Work to complete -
Copy every line below. Do not alter any of them.

Source records -
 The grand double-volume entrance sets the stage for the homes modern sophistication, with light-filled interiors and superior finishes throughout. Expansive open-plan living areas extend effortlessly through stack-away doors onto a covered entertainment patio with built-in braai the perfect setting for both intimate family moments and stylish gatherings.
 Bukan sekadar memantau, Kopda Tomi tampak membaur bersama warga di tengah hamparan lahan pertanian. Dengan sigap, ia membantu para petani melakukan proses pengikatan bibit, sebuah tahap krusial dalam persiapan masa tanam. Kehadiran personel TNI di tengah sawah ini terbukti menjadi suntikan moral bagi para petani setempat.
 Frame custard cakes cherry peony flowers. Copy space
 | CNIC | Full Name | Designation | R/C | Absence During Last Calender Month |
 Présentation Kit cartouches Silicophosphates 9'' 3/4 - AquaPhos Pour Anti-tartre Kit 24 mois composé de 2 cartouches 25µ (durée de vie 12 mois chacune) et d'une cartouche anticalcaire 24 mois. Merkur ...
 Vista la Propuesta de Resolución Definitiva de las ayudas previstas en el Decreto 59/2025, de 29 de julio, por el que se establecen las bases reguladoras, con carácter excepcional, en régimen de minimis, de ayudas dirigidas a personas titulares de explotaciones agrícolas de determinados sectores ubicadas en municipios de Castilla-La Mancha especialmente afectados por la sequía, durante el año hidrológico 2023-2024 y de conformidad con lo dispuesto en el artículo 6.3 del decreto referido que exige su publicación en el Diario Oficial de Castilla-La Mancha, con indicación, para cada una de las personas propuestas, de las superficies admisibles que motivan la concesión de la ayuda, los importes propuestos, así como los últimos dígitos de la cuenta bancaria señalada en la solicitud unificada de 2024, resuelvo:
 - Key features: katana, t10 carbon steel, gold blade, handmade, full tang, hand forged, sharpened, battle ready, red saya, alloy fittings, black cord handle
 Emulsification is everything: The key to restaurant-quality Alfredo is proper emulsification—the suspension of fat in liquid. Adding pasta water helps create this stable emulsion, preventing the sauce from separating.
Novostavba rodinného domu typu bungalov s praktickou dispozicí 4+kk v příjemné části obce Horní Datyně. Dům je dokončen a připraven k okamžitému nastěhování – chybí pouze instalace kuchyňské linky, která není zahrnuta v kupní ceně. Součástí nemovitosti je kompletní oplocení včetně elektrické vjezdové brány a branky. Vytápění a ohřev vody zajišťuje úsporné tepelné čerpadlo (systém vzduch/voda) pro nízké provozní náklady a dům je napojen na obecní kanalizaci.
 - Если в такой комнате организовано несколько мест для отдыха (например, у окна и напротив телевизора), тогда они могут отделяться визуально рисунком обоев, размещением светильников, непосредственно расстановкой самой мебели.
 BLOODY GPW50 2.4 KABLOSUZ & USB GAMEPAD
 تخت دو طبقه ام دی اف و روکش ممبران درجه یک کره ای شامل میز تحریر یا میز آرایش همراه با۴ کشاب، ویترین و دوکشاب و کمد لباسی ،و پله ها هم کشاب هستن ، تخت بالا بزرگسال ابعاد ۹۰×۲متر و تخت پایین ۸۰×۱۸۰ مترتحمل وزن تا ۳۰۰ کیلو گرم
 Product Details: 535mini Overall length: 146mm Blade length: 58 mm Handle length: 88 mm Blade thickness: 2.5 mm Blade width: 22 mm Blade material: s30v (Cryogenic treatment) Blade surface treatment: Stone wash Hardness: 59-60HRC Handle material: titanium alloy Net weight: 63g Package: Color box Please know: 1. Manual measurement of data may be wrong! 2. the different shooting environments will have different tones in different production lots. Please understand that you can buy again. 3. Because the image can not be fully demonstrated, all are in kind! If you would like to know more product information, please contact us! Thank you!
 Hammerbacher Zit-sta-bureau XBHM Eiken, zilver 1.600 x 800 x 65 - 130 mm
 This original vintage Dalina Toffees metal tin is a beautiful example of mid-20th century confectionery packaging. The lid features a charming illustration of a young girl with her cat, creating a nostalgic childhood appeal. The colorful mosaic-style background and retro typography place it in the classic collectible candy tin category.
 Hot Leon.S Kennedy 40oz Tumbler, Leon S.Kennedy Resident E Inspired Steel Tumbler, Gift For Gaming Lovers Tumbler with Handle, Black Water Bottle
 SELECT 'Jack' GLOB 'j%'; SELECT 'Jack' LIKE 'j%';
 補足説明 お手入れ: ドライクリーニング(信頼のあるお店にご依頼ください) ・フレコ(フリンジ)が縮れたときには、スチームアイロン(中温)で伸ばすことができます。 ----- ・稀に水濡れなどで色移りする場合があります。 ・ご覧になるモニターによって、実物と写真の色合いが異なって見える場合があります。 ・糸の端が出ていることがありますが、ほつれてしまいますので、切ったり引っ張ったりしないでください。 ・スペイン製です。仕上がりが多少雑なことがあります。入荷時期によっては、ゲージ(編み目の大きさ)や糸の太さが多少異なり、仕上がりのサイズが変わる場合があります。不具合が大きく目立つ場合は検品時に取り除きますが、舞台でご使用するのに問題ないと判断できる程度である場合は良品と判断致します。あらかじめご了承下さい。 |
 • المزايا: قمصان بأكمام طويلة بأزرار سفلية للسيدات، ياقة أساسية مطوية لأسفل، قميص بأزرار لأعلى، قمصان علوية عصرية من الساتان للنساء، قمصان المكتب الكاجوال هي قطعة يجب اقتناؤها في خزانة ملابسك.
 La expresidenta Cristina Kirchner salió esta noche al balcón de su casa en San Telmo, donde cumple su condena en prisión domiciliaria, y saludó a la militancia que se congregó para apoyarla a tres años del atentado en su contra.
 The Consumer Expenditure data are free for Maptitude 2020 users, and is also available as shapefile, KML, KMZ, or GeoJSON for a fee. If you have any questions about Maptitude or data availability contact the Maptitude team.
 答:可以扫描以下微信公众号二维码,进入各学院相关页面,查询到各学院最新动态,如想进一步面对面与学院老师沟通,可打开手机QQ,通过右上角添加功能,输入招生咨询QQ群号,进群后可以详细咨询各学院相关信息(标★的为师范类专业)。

Task output -
 The grand double-volume entrance sets the stage for the homes modern sophistication, with light-filled interiors and superior finishes throughout. Expansive open-plan living areas extend effortlessly through stack-away doors onto a covered entertainment patio with built-in braai the perfect setting for both intimate family moments and stylish gatherings.
 Bukan sekadar memantau, Kopda Tomi tampak membaur bersama warga di tengah hamparan lahan pertanian. Dengan sigap, ia membantu para petani melakukan proses pengikatan bibit, sebuah tahap krusial dalam persiapan masa tanam. Kehadiran personel TNI di tengah sawah ini terbukti menjadi suntikan moral bagi para petani setempat.
 Frame custard cakes cherry peony flowers. Copy space
 | CNIC | Full Name | Designation | R/C | Absence During Last Calender Month |
 Présentation Kit cartouches Silicophosphates 9'' 3/4 - AquaPhos Pour Anti-tartre Kit 24 mois composé de 2 cartouches 25µ (durée de vie 12 mois chacune) et d'une cartouche anticalcaire 24 mois. Merkur ...
 Vista la Propuesta de Resolución Definitiva de las ayudas previstas en el Decreto 59/2025, de 29 de julio, por el que se establecen las bases reguladoras, con carácter excepcional, en régimen de minimis, de ayudas dirigidas a personas titulares de explotaciones agrícolas de determinados sectores ubicadas en municipios de Castilla-La Mancha especialmente afectados por la sequía, durante el año hidrológico 2023-2024 y de conformidad con lo dispuesto en el artículo 6.3 del decreto referido que exige su publicación en el Diario Oficial de Castilla-La Mancha, con indicación, para cada una de las personas propuestas, de las superficies admisibles que motivan la concesión de la ayuda, los importes propuestos, así como los últimos dígitos de la cuenta bancaria señalada en la solicitud unificada de 2024, resuelvo:
 - Key features: katana, t10 carbon steel, gold blade, handmade, full tang, hand forged, sharpened, battle ready, red saya, alloy fittings, black cord handle
 Emulsification is everything: The key to restaurant-quality Alfredo is proper emulsification—the suspension of fat in liquid. Adding pasta water helps create this stable emulsion, preventing the sauce from separating.
Novostavba rodinného domu typu bungalov s praktickou dispozicí 4+kk v příjemné části obce Horní Datyně. Dům je dokončen a připraven k okamžitému nastěhování – chybí pouze instalace kuchyňské linky, která není zahrnuta v kupní ceně. Součástí nemovitosti je kompletní oplocení včetně elektrické vjezdové brány a branky. Vytápění a ohřev vody zajišťuje úsporné tepelné čerpadlo (systém vzduch/voda) pro nízké provozní náklady a dům je napojen na obecní kanalizaci.
 - Если в такой комнате организовано несколько мест для отдыха (например, у окна и напротив телевизора), тогда они могут отделяться визуально рисунком обоев, размещением светильников, непосредственно расстановкой самой мебели.
 BLOODY GPW50 2.4 KABLOSUZ & USB GAMEPAD
 تخت دو طبقه ام دی اف و روکش ممبران درجه یک کره ای شامل میز تحریر یا میز آرایش همراه با۴ کشاب، ویترین و دوکشاب و کمد لباسی ،و پله ها هم کشاب هستن ، تخت بالا بزرگسال ابعاد ۹۰×۲متر و تخت پایین ۸۰×۱۸۰ مترتحمل وزن تا ۳۰۰ کیلو گرم
 Product Details: 535mini Overall length: 146mm Blade length: 58 mm Handle length: 88 mm Blade thickness: 2.5 mm Blade width: 22 mm Blade material: s30v (Cryogenic treatment) Blade surface treatment: Stone wash Hardness: 59-60HRC Handle material: titanium alloy Net weight: 63g Package: Color box Please know: 1. Manual measurement of data may be wrong! 2. the different shooting environments will have different tones in different production lots. Please understand that you can buy again. 3. Because the image can not be fully demonstrated, all are in kind! If you would like to know more product information, please contact us! Thank you!
 Hammerbacher Zit-sta-bureau XBHM Eiken, zilver 1.600 x 800 x 65 - 130 mm
 This original vintage Dalina Toffees metal tin is a beautiful example of mid-20th century confectionery packaging. The lid features a charming illustration of a young girl with her cat, creating a nostalgic childhood appeal. The colorful mosaic-style background and retro typography place it in the classic collectible candy tin category.
 Hot Leon.S Kennedy 40oz Tumbler, Leon S.Kennedy Resident E Inspired Steel Tumbler, Gift For Gaming Lovers Tumbler with Handle, Black Water Bottle
 SELECT 'Jack' GLOB 'j%'; SELECT 'Jack' LIKE 'j%';
 補足説明 お手入れ: ドライクリーニング(信頼のあるお店にご依頼ください) ・フレコ(フリンジ)が縮れたときには、スチームアイロン(中温)で伸ばすことができます。 ----- ・稀に水濡れなどで色移りする場合があります。 ・ご覧になるモニターによって、実物と写真の色合いが異なって見える場合があります。 ・糸の端が出ていることがありますが、ほつれてしまいますので、切ったり引っ張ったりしないでください。 ・スペイン製です。仕上がりが多少雑なことがあります。入荷時期によっては、ゲージ(編み目の大きさ)や糸の太さが多少異なり、仕上がりのサイズが変わる場合があります。不具合が大きく目立つ場合は検品時に取り除きますが、舞台でご使用するのに問題ないと判断できる程度である場合は良品と判断致します。あらかじめご了承下さい。 |
 • المزايا: قمصان بأكمام طويلة بأزرار سفلية للسيدات، ياقة أساسية مطوية لأسفل، قميص بأزرار لأعلى، قمصان علوية عصرية من الساتان للنساء، قمصان المكتب الكاجوال هي قطعة يجب اقتناؤها في خزانة ملابسك.
 La expresidenta Cristina Kirchner salió esta noche al balcón de su casa en San Telmo, donde cumple su condena en prisión domiciliaria, y saludó a la militancia que se congregó para apoyarla a tres años del atentado en su contra.
 The Consumer Expenditure data are free for Maptitude 2020 users, and is also available as shapefile, KML, KMZ, or GeoJSON for a fee. If you have any questions about Maptitude or data availability contact the Maptitude team.
 答:可以扫描以下微信公众号二维码,进入各学院相关页面,查询到各学院最新动态,如想进一步面对面与学院老师沟通,可打开手机QQ,通过右上角添加功能,输入招生咨询QQ群号,进群后可以详细咨询各学院相关信息(标★的为师范类专业)。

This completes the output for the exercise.